Just to pre-occupy himself with something, Fixer ignited his welding torch to repair a broken panel.

"Newt, don't look into the light," The mechanic cautioned the child. She didn't acknowledge him in any way, but the warning had to be delivered just for safety. Fixer put on a protective mask, welded the plate and he was quickly done. Holding the heated metal in a couple of tongs, the little man brought it over to a vat of stainless steel that was filled with water. Vapor rose from the vat when the panel was dipped, the water bubbled and sizzled. The panel wasn't quite cool as Fixer brought it out of the water, the remaining dampness quickly evaporated from the surface – but it was easier to handle now.

Newt maybe was unresponsive, but what neither Bishop nor Fixer knew was that her senses were still on alert. And her senses now told her that something was wrong. The vat in which Fixer had dipped the heated panel was calm again, but her ears which had become more acute since her solitude in her colony still received the sound of something sizzling. Straining her hearing to localize the sound, her eyes moved towards the direction the sizzling seemed to be coming from – and it came from a small ventilation duct from the corner close to the roof. A grille covered the duct, but from between the steel-meshes that formed the grating, pale finger-like digits were sticking out as if a hand were squeezing the meshes apart from the inside – a hand with eight fingers! Smoke formed around the fingers as the sizzling continued and the child's small form was instantly filled with terror. A facehugger was melting through the grille!

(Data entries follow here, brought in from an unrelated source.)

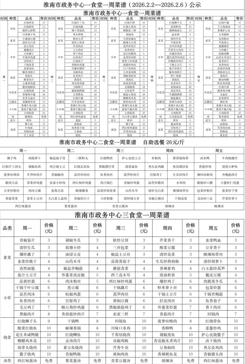 市政务中心一、二、三食堂一周菜谱(2026.2.2-2026.2.6)
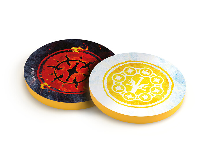 En parlant de tuile promotionnelle, j’ai vu qu’il y avait également un goodie pour cette extension (des goodies pour des boosters, on arrête pas le progrès…) : une pièce pour décider de qui commence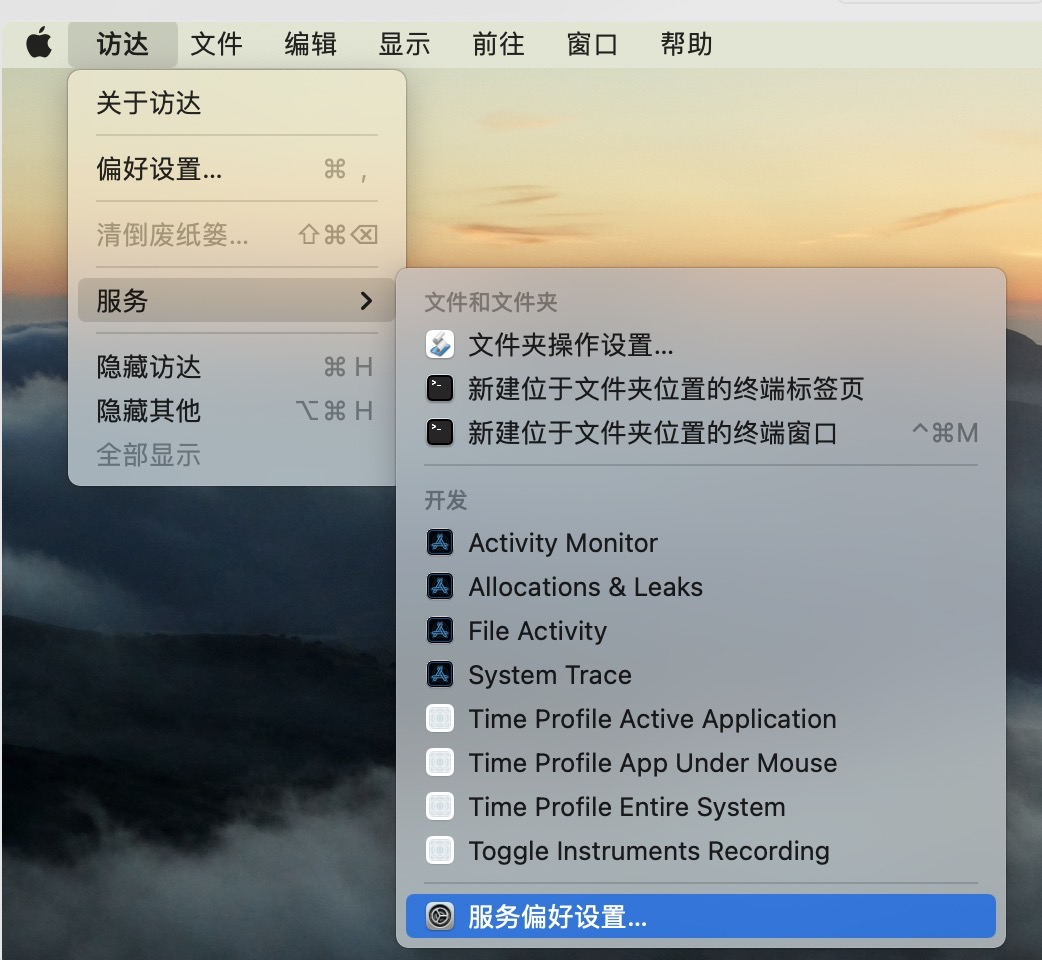 - 访达 -> 服务 -> 服务偏好设置;
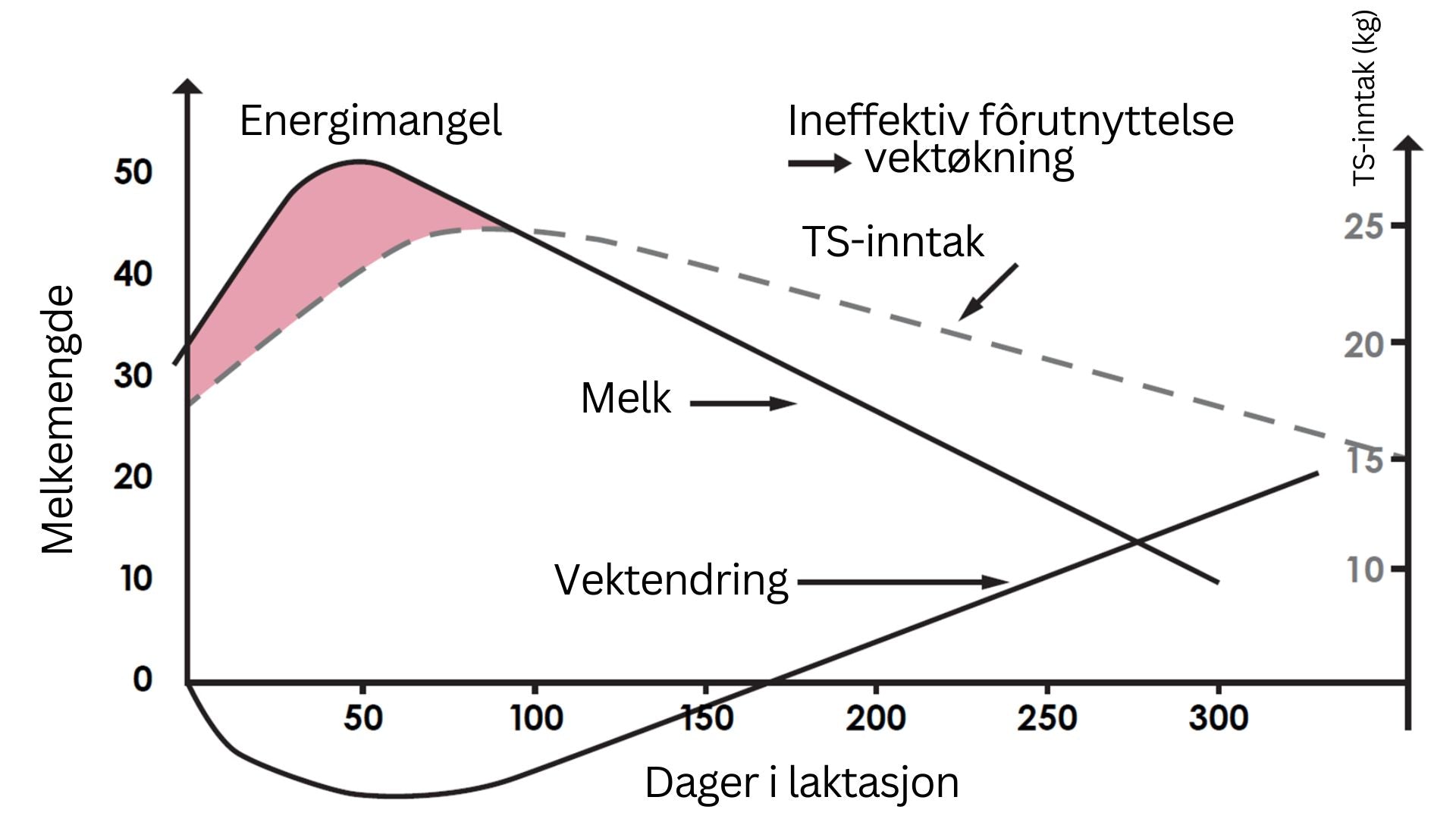 I de første ukene etter kalving kan kyr oppleve redusert fôrinntak, samtidig som energibehovet øker drastisk. Dette fører ofte til at kua begynner å mobilisere kroppsfett for å dekke energibehovet, noe som igjen øker risikoen for ketose og leverforfetting.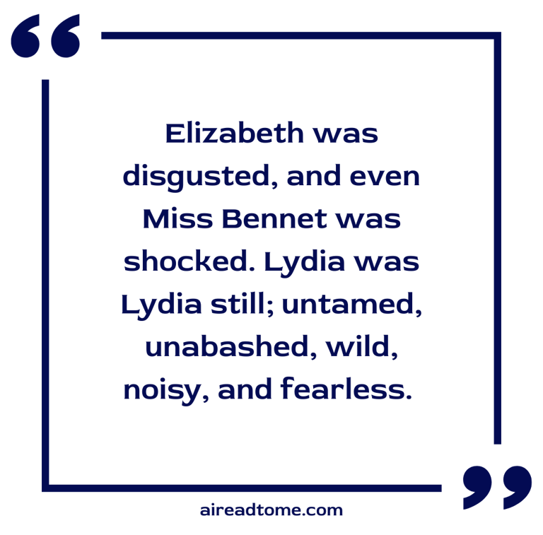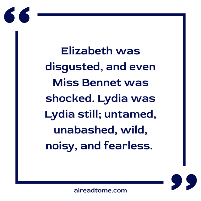 Elizabeth was disgusted, and even Miss Bennet was shocked. Lydia was Lydia still; untamed, unabashed, wild, noisy, and fearless. She turned from sister to sister, demanding their congratulations; and when at length they all sat down, looked eagerly round the room, took notice of some little alteration in it, and observed, with a laugh, that it was a great while since she had been there.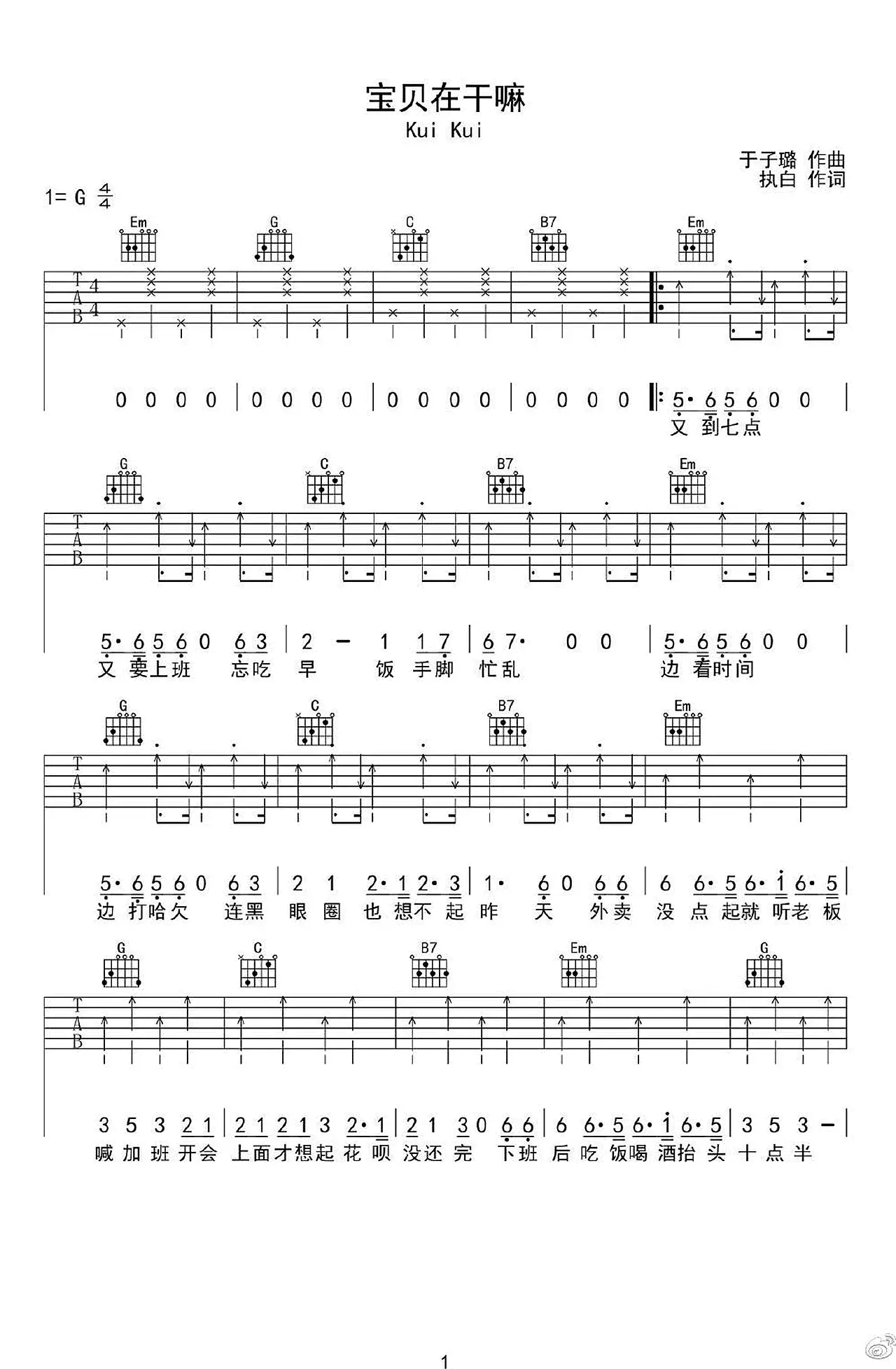 《宝贝在干嘛》吉他谱,KUIKUI演唱的一首歌曲,由执白作词,于子璐作曲,收录于2023年发行的专辑《宝贝在干嘛》中,网络热门歌曲。 吉他谱选用G调指法编配,共2张图片谱。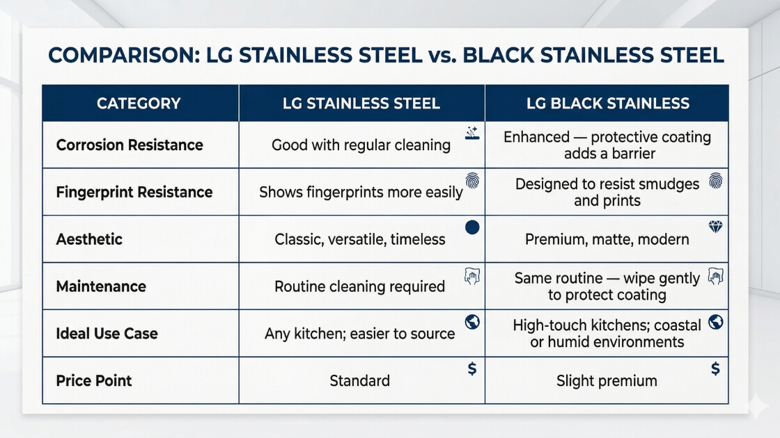 - LG black stainless features an additional protective coating that helps resist fingerprints, corrosion, and surface wear—making it a better match for high-humidity or coastal environments.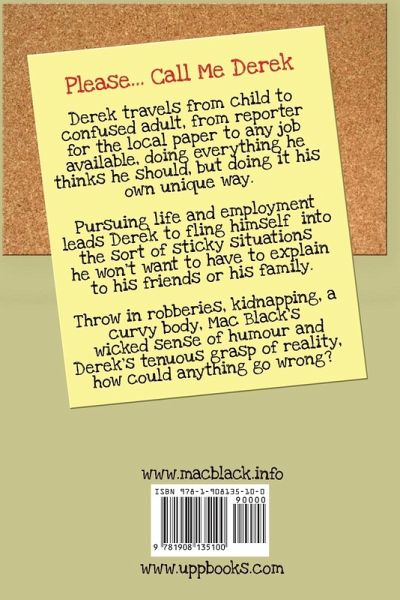 Derek travels from child to confused adult, from reporter for the local paper to any job available, doing everything he thinks he should, but doing it his way. Pursuing life and employment leads Derek to fling himself into the sort of sticky situations he won't want to have to explain to his friends or his family. With determination, gritting his teeth, doing everything for the best, how could anything go wrong. With more Derek books coming soon, why not check the publisher's website www.uppublications.ltd.uk for more information or follow Mac on www.macblack.info. Current titles by Mac Black Please... Call me Derek Derek's in Trouble Derek's Revenge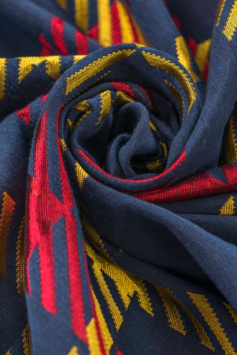 Tissu de costume en jacquard italien avec un grand motif à carreaux d’environ 20 cm. Il se compose de bandes d’environ 3 à 4 cm de large, disposées en bandes diagonales plus petites. Le matériau est d’une belle couleur bleu marine avec un motif jaune et rouge. En raison du fait que le motif est très grand, le tissu est le mieux adapté pour coudre des vêtements composés d’éléments plus grands tels qu’un manteau, une veste ou une « grande » robe ou jupe.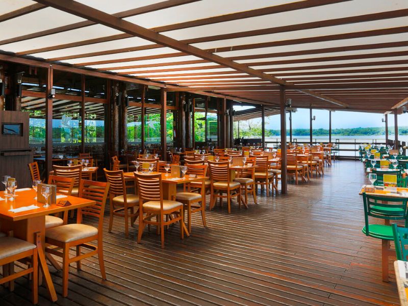Depois, um almoço delicioso no Restaurante Porto Canoas, com buffet variado e vista privilegiada.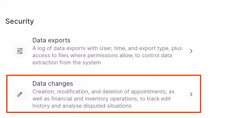 The Analytical Reports > Data changes section contains information about all actions (adding, changing, deleting) with appointments, financial and inventory operations that were made in Altegio.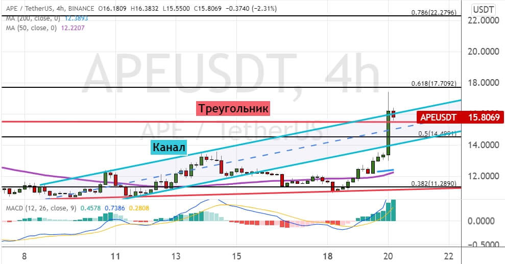 График APE/USDT, четырехчасовой таймфрейм. Источник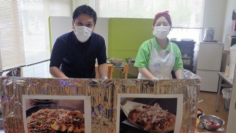 STAFFが頑張って焼いた、手作りのお好み焼き、たこ焼きです。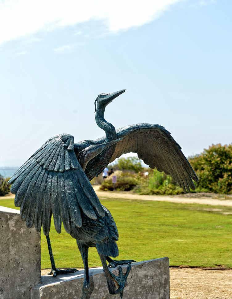 Perhaps renowned artist Christopher Slatoff had this in mind when he created the sculpture of Sheltering Wings at Grand Caribe Shoreline Park, 598 Grand Caribe Causeway, 25 years ago this summer. The sculpture depicts a Great Blue Heron mother sheltering her young offspring. His sculpture has anchored and aged with this park and nurtured appreciation for public art in Coronado. “Sheltering Wings” was the first Port-owned public art piece in Coronado. Since that installation the Port’s collection in Coronado has grown to eight pieces with the latest, “Penelope,” dedicated in Tidelands in 2019.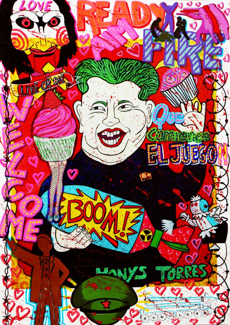 Boom Digital collage, 2025 – Honys Torres Boom is a pop explosion that denounces the constant nuclear threat posed by North Korean dictator Kim Jong-un. With an exaggerated grin and cartoonish green hair, the leader holds a blast marked with a nuclear symbol, as if destruction were a game. The ph...

"FIXER!" the girl screamed. The small mechanic spun around in surprise of hearing the child's voice and saw how her gaze seemed transfixed on the upper corner. He instantly became aware of the danger they were in as the loathsome arachnid thing broke through the grille and flew into the room, coming straight towards him!

Newt would never know from where she suddenly got her sudden instinct to take action – her usual fear for the aliens always prevented her from doing that. But without thinking as she saw the horseshoe-shaped crab charging against one of the few people whom she could call her friend, she grabbed hold of a big pliers-tool lying beside her, jumped off the table and swung it like a baseball-bat at the flying menace. She hit it in mid-air right before Fixer's nose and sent it flying in a different direction right into a stack of two-meter long metal-pipes standing against the wall. The pipes tipped and crashed down over the facehugger, burying it.

"Wow," Fixer said as he let out a breath of relief, sounding immensely impressed. "I think you got it."

"No," Newt replied with a shivering voice. "That was not enough to kill it." And as proof to her statement, the pile of pipes quivered and the facehugger crawled free. It didn't charge against them though, instead it scuttled away under the many workbenches in the shop.

"Let's get out of here," Newt said, gulping for air.

"Right away," Fixer agreed and they both went for the door while their eyes remained fixed against the tables, searching for movements. Reaching it, Fixer slammed his palm against the button that would open the way to their escape. But nothing happened. Fixer hit the button repeatedly, but the door remained shut.

"Don't tell me the door is locked!" Newt exclaimed.

"I don't understand!" Fixer said perplexed. "It shouldn't be! The controls are dead! It's like the power has been cut!"

"I can't believe it!" Newt shut her eyes tightly in frustration. "I can't believe that this is happening to me again!"